A viral rumor claiming a Hong Kong-based shell company made a secret $436 million investment in Bitcoin through BlackRock's iShares Bitcoin ETF (IBIT) as a covert move by Beijing to bypass China's crypto ban has been debunked. The investment was actually made by Abu Dhabi's sovereign wealth fund, Mubadala Investment Company.
Despite the false narrative, the story highlights a real trend: Hong Kong firms are actively increasing Bitcoin ETF exposure. For instance, Avenir Group's holdings in IBIT reached $688 million by March 2025. Hong Kong's pro-crypto regulatory environment contrasts sharply with mainland China's restrictions, positioning it as a hub for regulated Bitcoin access.
Concurrently, U.S. spot Bitcoin ETFs experienced $104.9 million in net outflows on Tuesday, February 18, 2026. Total trading volume plummeted to just over $3 billion, a nearly 80% drop from the record $14.7 billion seen on February 5, indicating a significant slowdown in activity.
The outflows coincided with the release of Q4 2025 institutional holdings reports. While Jane Street emerged as the second-largest buyer of IBIT with a $276 million purchase, a new and mysterious entity entered the scene. A Hong Kong-based company named Laurore, with no public footprint, reported a single $436.2 million acquisition of IBIT shares to the SEC. The filer's name, Zhang Hui, is a common Chinese alias, fueling speculation.
Bitwise Investments advisor Jeff Park suggested this could be an early sign of institutional Chinese capital entering Bitcoin, potentially linked to capital flight. However, analysts caution against conflating private investment with state action.

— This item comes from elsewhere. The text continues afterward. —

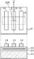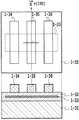 次に、図3Dに示すように、単結晶ダイヤモンド薄膜1−2の表面にソース電極1−4,ゲート電極1−5,ドレイン電極1−6を形成する。単結晶ダイヤモンド薄膜1−2表面の上方から見ると、ソース電極1−4直下とドレイン電極1−6直下にチャンネル1−3が存在する(チャンネル1−3は、図3Dの上面図において点線で示してある)。ゲート電極1−5は、ソース電極1−4とドレイン電極1−6の中間に配置する。単結晶ダイヤモンド薄膜1−2表面の上方から見た場合に、ゲート電極1−5は、チャンネル1−3と交差するように配置する。チャンネル1−3の上方のゲート電極1−5の長手方向 Next, as shown in FIG. 3D, a source electrode 1-4, a gate electrode 1-5, and a drain electrode 1-6 are formed on the surface of the single crystal diamond thin film 1-2. When viewed from above the surface of the single-crystal diamond thin film 1-2, there are channels 1-3 immediately below the source electrode 1-4 and the drain electrode 1-6 (the channel 1-3 is indicated by a dotted line in the top view of FIG. 3D). Is shown). The gate electrode 1-5 is disposed between the source electrode 1-4 and the drain electrode 1-6. When viewed from above the surface of the single crystal diamond thin film 1-2, the gate electrode 1-5 is disposed so as to intersect the channel 1-3. Longitudinal direction of gate electrode 1-5 above channel 1-3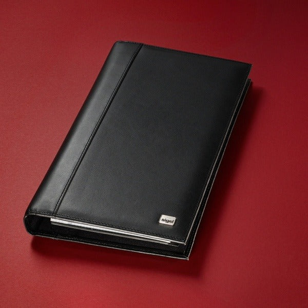 Visitekaartringband. Leer Torino. Zwart. Met 20 doorzichtige showtassen. Register A-Z. 4-rings mechaniek. Nappaleer. Voor max. 160 kaartjes (max. 90x58 mm).

Other notable Q4 2025 moves included: Weiss Asset Management adding ~$107.5 million in IBIT, 59 North Capital increasing its position by ~$99.8 million, and Mubadala boosting its holdings by 45% to $630.7 million. In contrast, Brevan Howard slashed its IBIT holdings by roughly 85% (from $2.4B to $273.5M), and Goldman Sachs trimmed its position by about 40%, leaving around $1 billion.